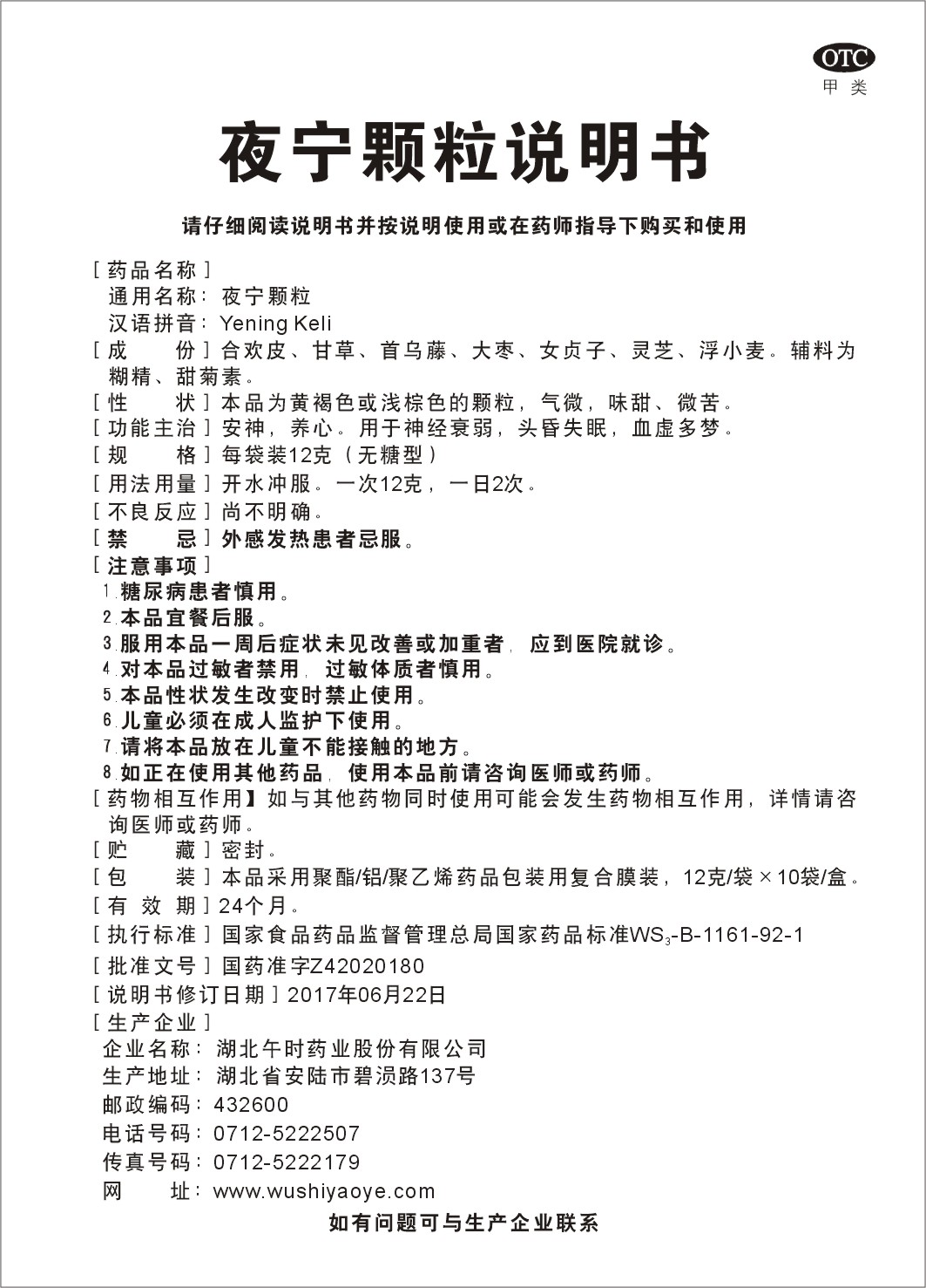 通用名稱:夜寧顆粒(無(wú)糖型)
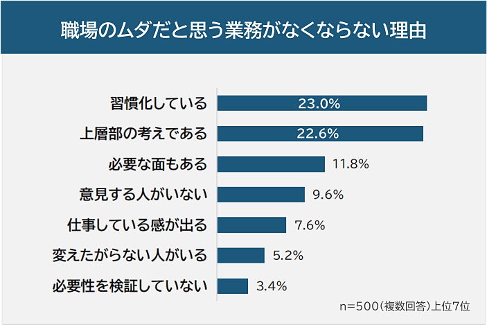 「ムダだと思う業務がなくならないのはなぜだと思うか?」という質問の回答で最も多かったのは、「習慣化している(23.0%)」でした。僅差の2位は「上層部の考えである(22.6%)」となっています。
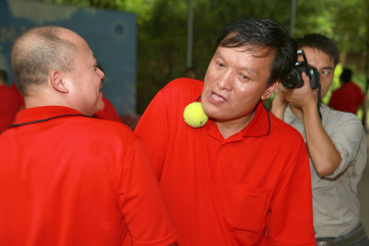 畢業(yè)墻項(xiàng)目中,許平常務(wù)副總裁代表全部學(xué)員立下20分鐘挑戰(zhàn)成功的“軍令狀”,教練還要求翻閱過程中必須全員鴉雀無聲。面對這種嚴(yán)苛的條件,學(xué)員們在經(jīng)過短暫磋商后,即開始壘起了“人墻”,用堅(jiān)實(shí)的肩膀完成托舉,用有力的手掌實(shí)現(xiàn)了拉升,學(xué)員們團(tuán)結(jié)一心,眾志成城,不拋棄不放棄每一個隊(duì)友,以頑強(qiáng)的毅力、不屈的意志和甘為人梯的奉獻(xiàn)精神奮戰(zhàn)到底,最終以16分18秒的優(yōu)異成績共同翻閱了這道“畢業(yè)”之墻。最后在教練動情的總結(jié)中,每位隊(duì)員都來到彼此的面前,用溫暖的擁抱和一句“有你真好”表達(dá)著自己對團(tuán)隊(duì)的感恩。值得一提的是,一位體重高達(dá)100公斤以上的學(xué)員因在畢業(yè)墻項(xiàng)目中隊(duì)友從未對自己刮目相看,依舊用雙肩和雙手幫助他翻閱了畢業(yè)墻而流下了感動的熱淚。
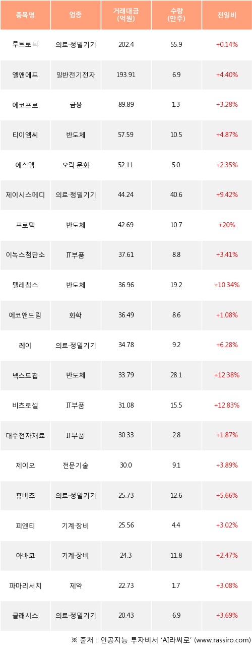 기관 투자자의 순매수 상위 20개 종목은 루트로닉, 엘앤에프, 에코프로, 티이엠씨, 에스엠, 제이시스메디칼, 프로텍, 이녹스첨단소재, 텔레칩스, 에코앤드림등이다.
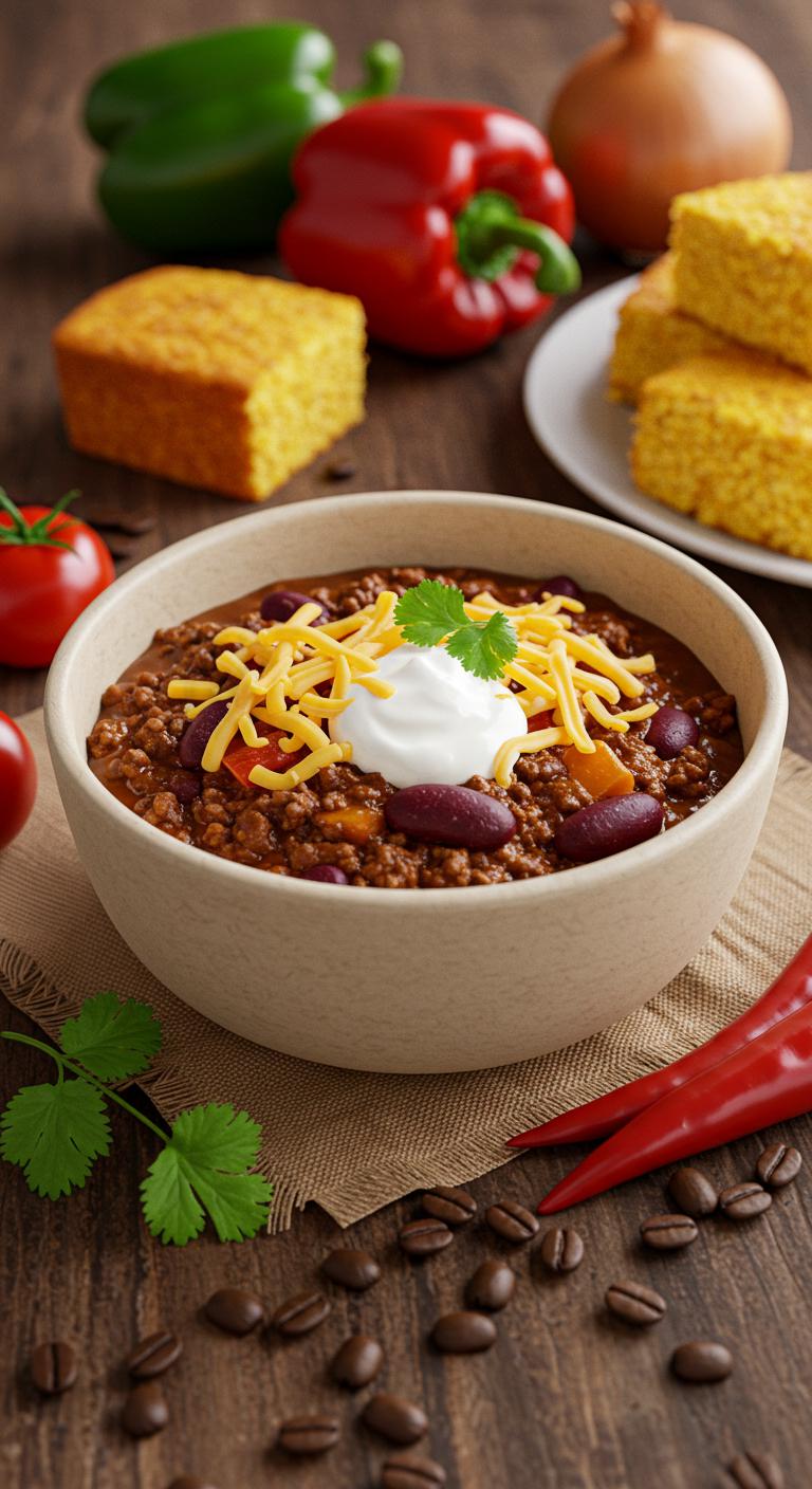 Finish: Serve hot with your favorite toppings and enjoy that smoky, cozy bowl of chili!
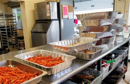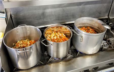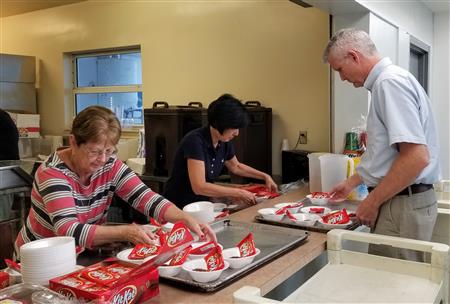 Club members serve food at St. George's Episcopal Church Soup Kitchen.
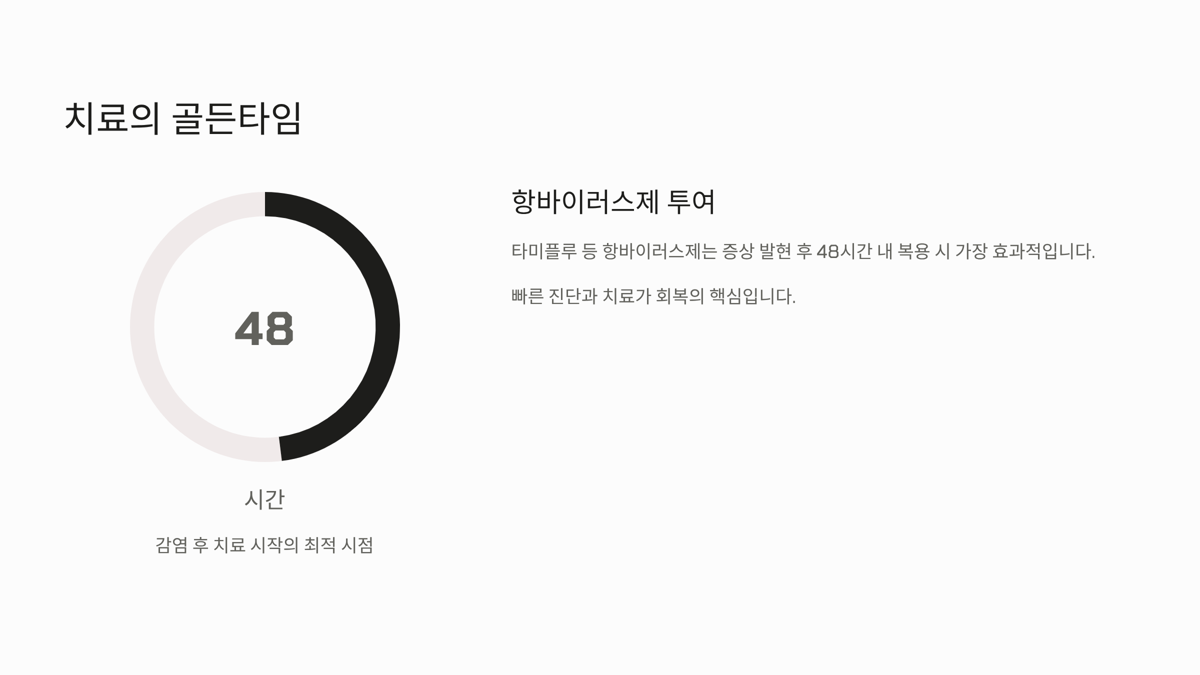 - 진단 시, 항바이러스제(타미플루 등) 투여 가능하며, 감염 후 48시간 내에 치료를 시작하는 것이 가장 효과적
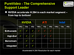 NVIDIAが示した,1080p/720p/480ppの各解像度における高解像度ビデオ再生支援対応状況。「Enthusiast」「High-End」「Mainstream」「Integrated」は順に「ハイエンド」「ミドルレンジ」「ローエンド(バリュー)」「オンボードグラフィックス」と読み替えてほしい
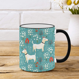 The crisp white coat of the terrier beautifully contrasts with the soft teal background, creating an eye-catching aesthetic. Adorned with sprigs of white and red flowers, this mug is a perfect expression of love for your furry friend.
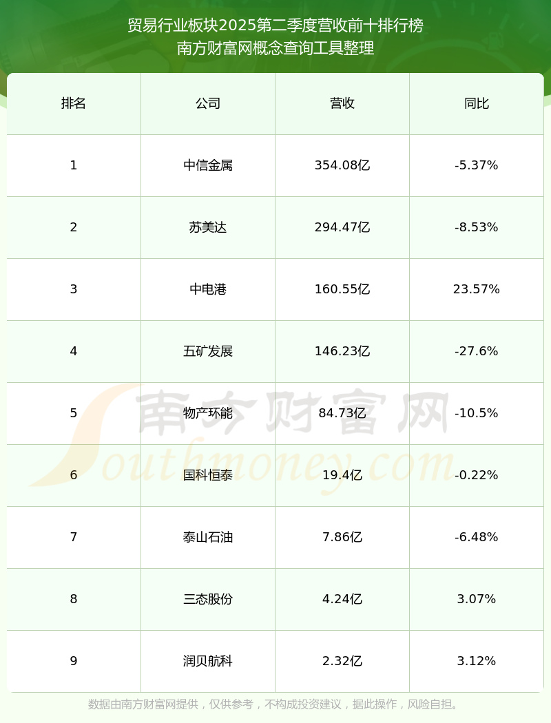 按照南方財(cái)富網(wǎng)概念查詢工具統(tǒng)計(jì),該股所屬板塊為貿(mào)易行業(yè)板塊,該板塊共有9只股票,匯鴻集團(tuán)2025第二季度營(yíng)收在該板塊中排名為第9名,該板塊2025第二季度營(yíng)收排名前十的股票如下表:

_ _ _ _

▶ Work to complete:
All of the data is to be returned exactly, with no pictures included.

▶ Your solution:
 通用名稱:夜寧顆粒(無(wú)糖型)
 「ムダだと思う業務がなくならないのはなぜだと思うか?」という質問の回答で最も多かったのは、「習慣化している(23.0%)」でした。僅差の2位は「上層部の考えである(22.6%)」となっています。
 畢業(yè)墻項(xiàng)目中,許平常務(wù)副總裁代表全部學(xué)員立下20分鐘挑戰(zhàn)成功的“軍令狀”,教練還要求翻閱過程中必須全員鴉雀無聲。面對這種嚴(yán)苛的條件,學(xué)員們在經(jīng)過短暫磋商后,即開始壘起了“人墻”,用堅(jiān)實(shí)的肩膀完成托舉,用有力的手掌實(shí)現(xiàn)了拉升,學(xué)員們團(tuán)結(jié)一心,眾志成城,不拋棄不放棄每一個隊(duì)友,以頑強(qiáng)的毅力、不屈的意志和甘為人梯的奉獻(xiàn)精神奮戰(zhàn)到底,最終以16分18秒的優(yōu)異成績共同翻閱了這道“畢業(yè)”之墻。最后在教練動情的總結(jié)中,每位隊(duì)員都來到彼此的面前,用溫暖的擁抱和一句“有你真好”表達(dá)著自己對團(tuán)隊(duì)的感恩。值得一提的是,一位體重高達(dá)100公斤以上的學(xué)員因在畢業(yè)墻項(xiàng)目中隊(duì)友從未對自己刮目相看,依舊用雙肩和雙手幫助他翻閱了畢業(yè)墻而流下了感動的熱淚。
 기관 투자자의 순매수 상위 20개 종목은 루트로닉, 엘앤에프, 에코프로, 티이엠씨, 에스엠, 제이시스메디칼, 프로텍, 이녹스첨단소재, 텔레칩스, 에코앤드림등이다.
 Finish: Serve hot with your favorite toppings and enjoy that smoky, cozy bowl of chili!
 Club members serve food at St. George's Episcopal Church Soup Kitchen.
 - 진단 시, 항바이러스제(타미플루 등) 투여 가능하며, 감염 후 48시간 내에 치료를 시작하는 것이 가장 효과적
 NVIDIAが示した,1080p/720p/480ppの各解像度における高解像度ビデオ再生支援対応状況。「Enthusiast」「High-End」「Mainstream」「Integrated」は順に「ハイエンド」「ミドルレンジ」「ローエンド(バリュー)」「オンボードグラフィックス」と読み替えてほしい
 The crisp white coat of the terrier beautifully contrasts with the soft teal background, creating an eye-catching aesthetic. Adorned with sprigs of white and red flowers, this mug is a perfect expression of love for your furry friend.
 按照南方財(cái)富網(wǎng)概念查詢工具統(tǒng)計(jì),該股所屬板塊為貿(mào)易行業(yè)板塊,該板塊共有9只股票,匯鴻集團(tuán)2025第二季度營(yíng)收在該板塊中排名為第9名,該板塊2025第二季度營(yíng)收排名前十的股票如下表:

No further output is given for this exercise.